Die Berater sahen sich in den acht Ländern Deutschland, Frankreich, Österreich, Spanien, England, Singapur, Australien, den USA und Kanada um.

Sie interviewten insgesamt 160 Führungskräfte im Gesundheitswesen und über 3700 Ärzte aus Praxis und Klinik, um herauszufinden, wie intensiv Informationstechnik im jeweiligen Gesundheitswesen genutzt wird und wofür.

Bei der Nutzung Weltniveau

Die Analyse gliederten sie in drei Segmente. Zum einen interessierte die Nutzung von IT intern, also die Frage, inwieweit medizinische Einrichtungen für interne Zwecke von der Buchführung bis zur Patientendatenverwaltung IT-Systeme nutzen.

Klinische Effizienz, lautete hier das Stichwort. Punkt zwei war der Austausch von Gesundheitsinformationen. Punkt drei war etwas, das Accenture "Insight driven Health" nennt.

Die Berater verstehen darunter den Einsatz von IT-Systemen zu Zwecken der Gesundheitsanalytik und zur Vernetzung mit den Patienten, Stichwort Verbesserung der Versorgungsqualität.

Das Ergebnis überrascht nicht, ist aber in dieser Deutlichkeit doch erschreckend. Im ersten Untersuchungssegment, also bei der internen Nutzung von IT-Systemen im klinischen Alltag, liegt Deutschland auf Weltniveau.

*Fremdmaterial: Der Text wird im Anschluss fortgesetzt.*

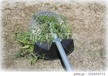 草刈機の刃に草が巻き付いた状態(イラスト風)
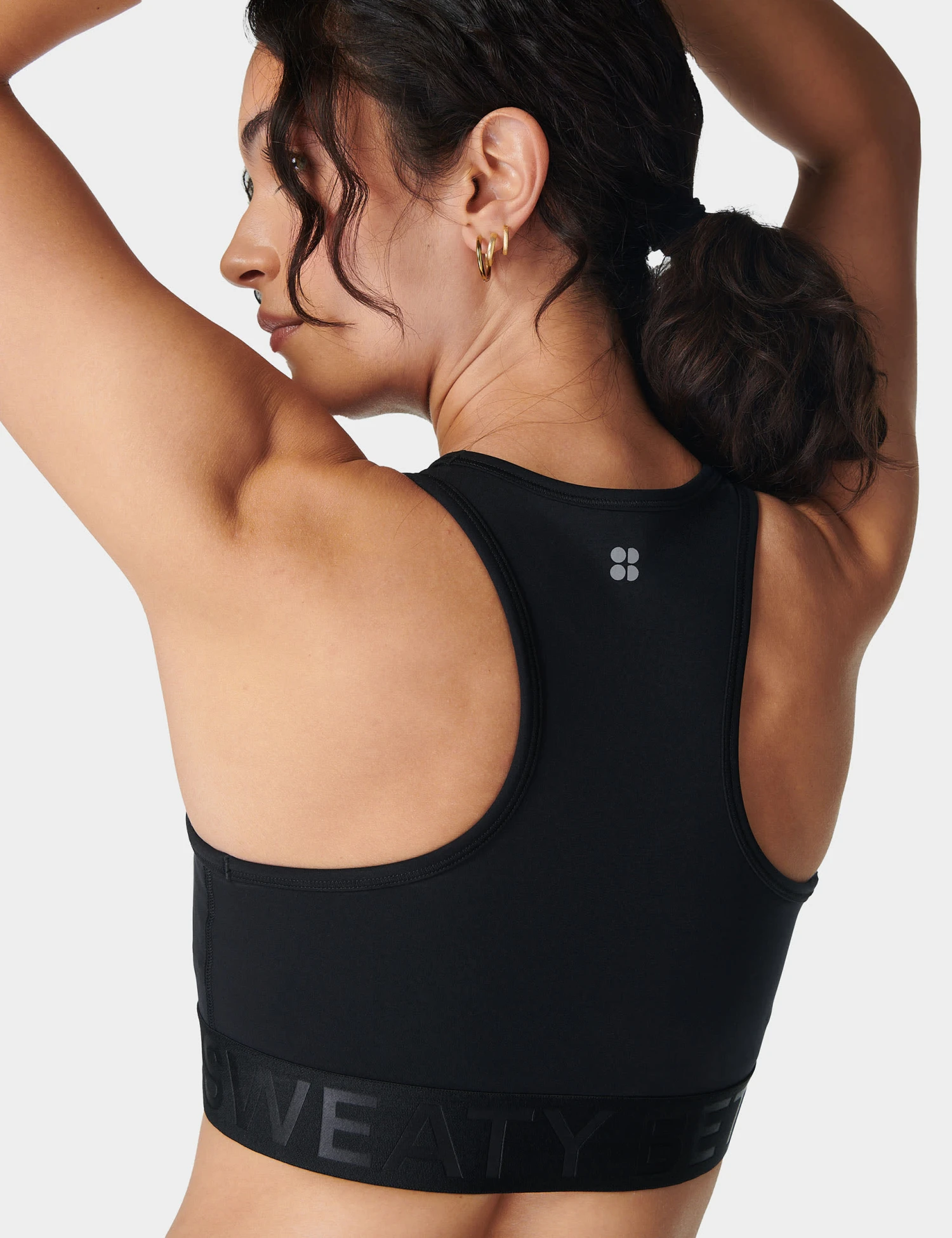 Feel supported through every workout with the power racerback crop top from Sweaty Betty. It features a built-in sports bra with removable padding and medium-impact support, so it’s perfect for everything from gym sessions to HIIT classes. The brand’s signature Power fabric provides sweat-wicking comfort and a breathable feel. A tonal logo underband creates a premium sporty finish.

IT-Systeme werden hierzulande genauso häufig, teilweise sogar häufiger als in den anderen sieben Ländern genutzt, um administrative Tätigkeiten wie Terminplanung oder Abrechnung zu erledigen, oder um Patientendaten während oder nach Konsultationen zu erfassen.

Datenaustausch?

Jenseits dessen wird es dann allerdings weniger schön. Beim elektronischen Austausch von Gesundheitsinformationen gehört Deutschland zu den schlechtesten der acht Länder.

Bei der elektronischen Kommunikation mit Kollegen machten nur zwölf Prozent der niedergelassenen Ärzte einen Haken, immerhin noch jedes dritte Krankenhaus. Bei elektronischen Rezepten ist Deutschland Schlusslicht.

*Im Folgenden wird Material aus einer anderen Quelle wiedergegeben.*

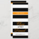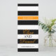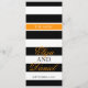 Bande simple recto blanc et noir avec touches d'orange vif menu dîner réception mariage. Personnalisez avec vos propres détails de menu.

Beim elektronischen Zugriff auf Klinik- oder Labordaten anderer Einrichtungen kreuzte nur jeder fünfte Niedergelassene und jedes vierte Klinikum ein "Ja" an. Auch das ist konkurrenzlos niedrig.

Auf der nächsten Stufe wird es nicht besser. Nicht einmal 30 Prozent aller medizinischen Einrichtungen gaben an, dass sie Patientendaten für Register, Public Health-Analytik oder Management der Ergebnisqualität zur Verfügung stellen.

In Spanien, Singapur oder England liegt diese Quote bei rund 70 Prozent. Insgesamt landet Deutschland in dieser Erhebung in Sachen Nutzung von Gesundheits-IT zusammen mit Frankreich auf dem letzten Platz. Sieger wird Spanien, gefolgt von Singapur, Kanada und England.

Ärzte fordern besseren Datenzugang

Wer sich die Schwierigkeiten vor Augen führt, die die nationale Telematikinfrastruktur in Deutschland hat, aber auch die großen Probleme von Ärztenetzen, sich miteinander vernünftig zu verdrahten, den können diese Ergebnisse eigentlich nicht überraschen.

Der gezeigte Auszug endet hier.